PPRuNe Forums - View Single Post - AUKUS
Thread: AUKUS
View Single Post
Old 15th Mar 2023, 08:58
  #1307 (permalink)  
Asturias56
 
Join Date: Oct 2018
Location: Ferrara
Posts: 8,466
Received 364 Likes on 213 Posts
Letters (contradictory of course) in todays Times:-

Sir, Britain does not have the capacity or effective leadership to provide the huge level of support required by Australia to build its own nuclear submarine fleet (“PM strikes submarine deal to face new threat”, Mar 14). The performance of the Submarine Delivery Agency has been abysmal. Astute class submarines are being delivered late by BAE Systems; HMS Vanguard’s refit by Babcock has taken more than seven years; and none of our 22 decommissioned nuclear submarines has been dismantled, which is disgraceful. The in-service date for HMS Dreadnought was 2024 but is now the early 2030s. It is also astonishing that the new director-general (nuclear), Madelaine McTernan, has no previous nuclear expertise; nor did her predecessors, in spite of being responsible for submarine procurement, disposal and infrastructure. This collective failure of leadership has resulted in significant extra cost and loss of submarine availability. It appears that those advising the prime minister on Aukus have focused on the strategic benefits and economies of scale and not on the substantial risks of delivery, given the UK’s woeful performance and Australia’s lack of nuclear submarine expertise. This is not a winning combination. This UK and Australian element of Aukus is high risk for both countries. A bilateral-only agreement between the US and Australia would stand a far greater chance of success.
Rear Admiral (ret’d) Philip Mathias
UK director of nuclear policy 2005-08 and Trident value for money review 2010; Southsea, Hants

Sir, The Aukus deal is unusual in being a British defence project with virtually no downside. It sustains and develops Britain’s successful submarine industries, creates the potent sort of partnership that Brexit was meant to stimulate, and best of all Australia is paying for most of it. Of course, it might turn into Canberra’s HS2, but at least for now, it is an example of proper, multilateral strategic thinking. That said, it does not compensate for the bigger strategic hole in British defence policy regarding our own neighbourhood: Europe. The government cannot use Aukus as a glossy wrapper for underwhelming news on defence spending and the “refresh” of the 2021 integrated review. Our immediate security is at stake in the Ukraine war. Analysts follow the money, not the words. And not enough of it is being devoted to address this more immediate strategic hole in our defence policy.
Professor Michael Clarke
Director of the Royal United Services Institute 2007-15

Sir, Having served in Royal Navy submarines in Australia in the 1960s I am acutely aware of the exciting prospect of the introduction of the new fleet of submarines.

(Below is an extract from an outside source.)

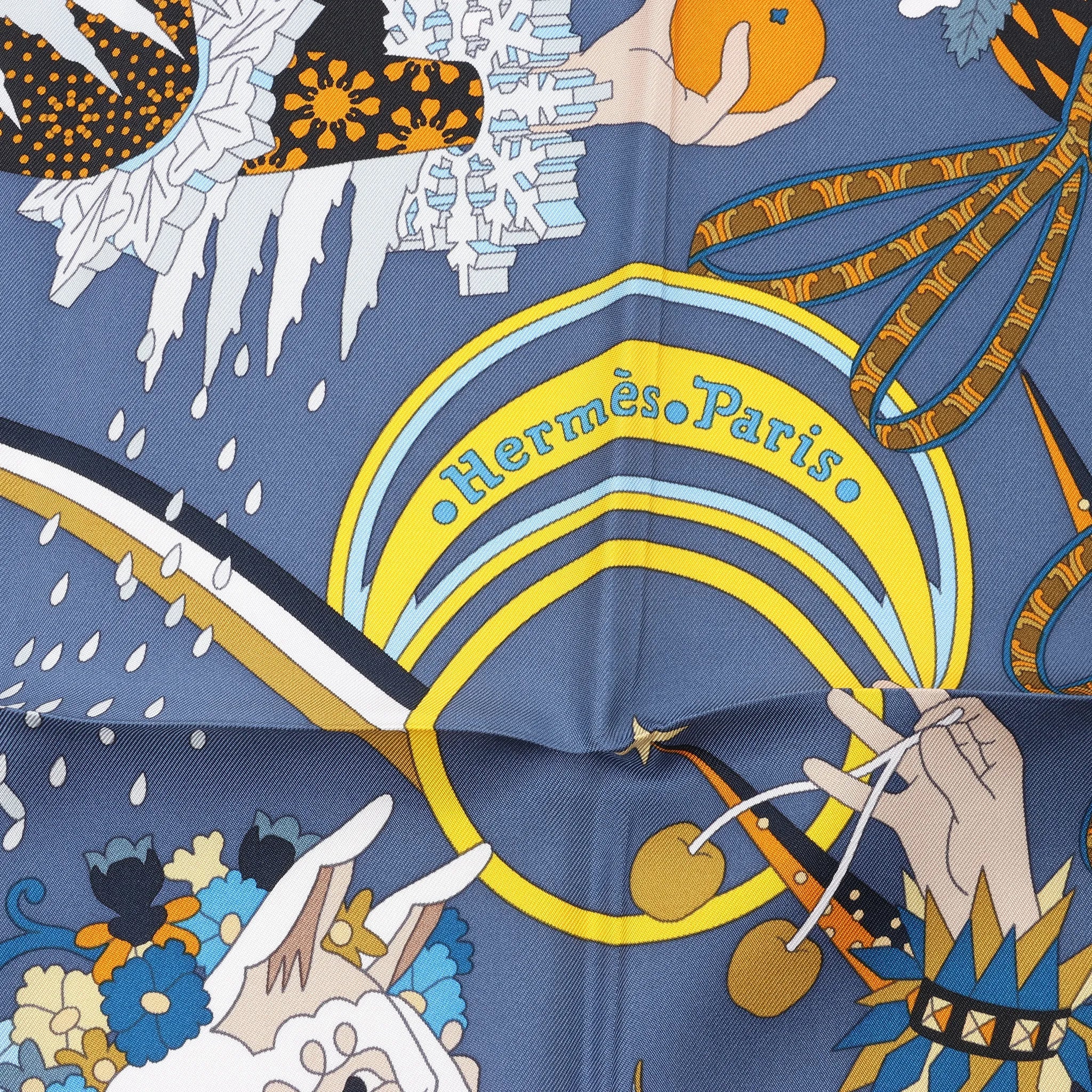Celebrate nature’s rhythm with the Hermès Carré 90 "Le Sacre des Saisons" scarf in gray. Crafted from 100% silk, this stunning piece showcases mythical creatures and seasonal motifs in rich blue, gold, and orange tones—perfect for year-round elegance.

However, I hope the navy and the MoD will take steps to discourage our submarine personnel from imitating our NHS personnel, who seem to be deserting Britain as soon as their training is complete. The attraction to a young person to a life in Western Australia is obvious, as my daughter, a consultant psychiatrist in Perth, will affirm.
Captain Richard Wraith RN
Former nuclear submarine CO; Tavistock, Devon

Sir, Whether we are doubling the size of our nuclear submarine fleet, or returning it to the size it was before successive defence cuts halved it, is possibly a matter of which eye the Nelsonian telescope is raised to.